▸ **Work instruction**:
This exercise calls for an exact copy of the listing, with no pictures kept.

▸ **Data below**:
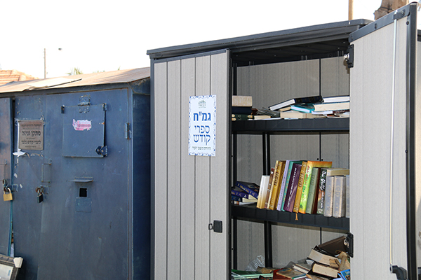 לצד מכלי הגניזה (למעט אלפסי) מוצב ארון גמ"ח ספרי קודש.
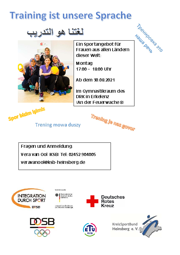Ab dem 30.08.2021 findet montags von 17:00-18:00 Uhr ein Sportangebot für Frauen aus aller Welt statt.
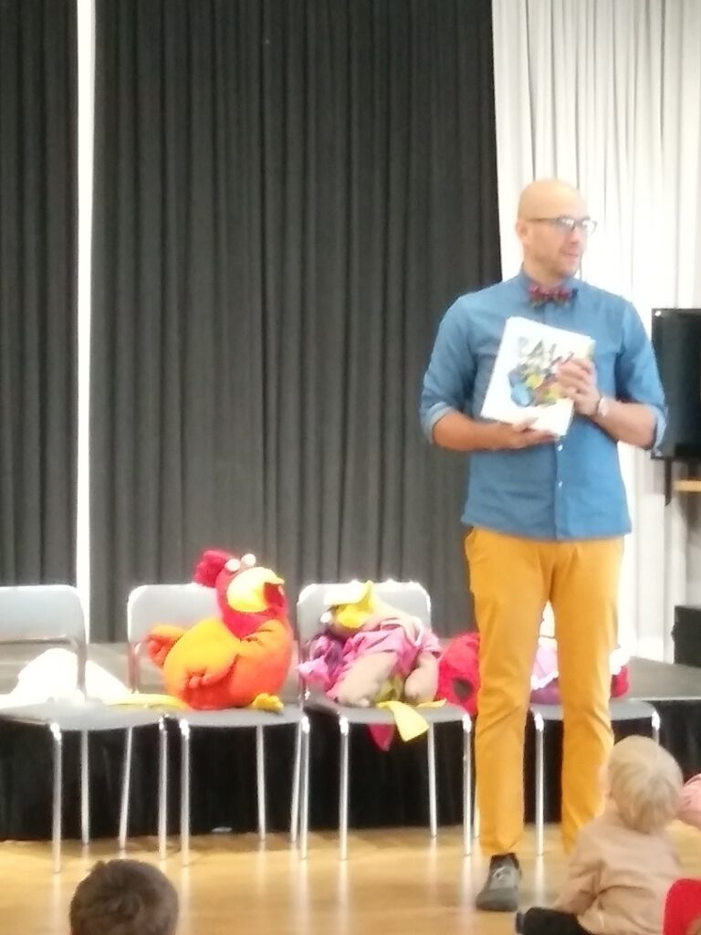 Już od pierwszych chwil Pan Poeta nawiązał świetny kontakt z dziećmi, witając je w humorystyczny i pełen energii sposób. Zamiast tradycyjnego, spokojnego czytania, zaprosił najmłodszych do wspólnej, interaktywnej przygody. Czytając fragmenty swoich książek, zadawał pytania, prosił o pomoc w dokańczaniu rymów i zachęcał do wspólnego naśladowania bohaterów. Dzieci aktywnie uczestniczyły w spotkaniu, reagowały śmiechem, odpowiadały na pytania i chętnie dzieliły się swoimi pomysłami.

▸ **Answer space**:
 לצד מכלי הגניזה (למעט אלפסי) מוצב ארון גמ"ח ספרי קודש.
Ab dem 30.08.2021 findet montags von 17:00-18:00 Uhr ein Sportangebot für Frauen aus aller Welt statt.
 Już od pierwszych chwil Pan Poeta nawiązał świetny kontakt z dziećmi, witając je w humorystyczny i pełen energii sposób. Zamiast tradycyjnego, spokojnego czytania, zaprosił najmłodszych do wspólnej, interaktywnej przygody. Czytając fragmenty swoich książek, zadawał pytania, prosił o pomoc w dokańczaniu rymów i zachęcał do wspólnego naśladowania bohaterów. Dzieci aktywnie uczestniczyły w spotkaniu, reagowały śmiechem, odpowiadały na pytania i chętnie dzieliły się swoimi pomysłami.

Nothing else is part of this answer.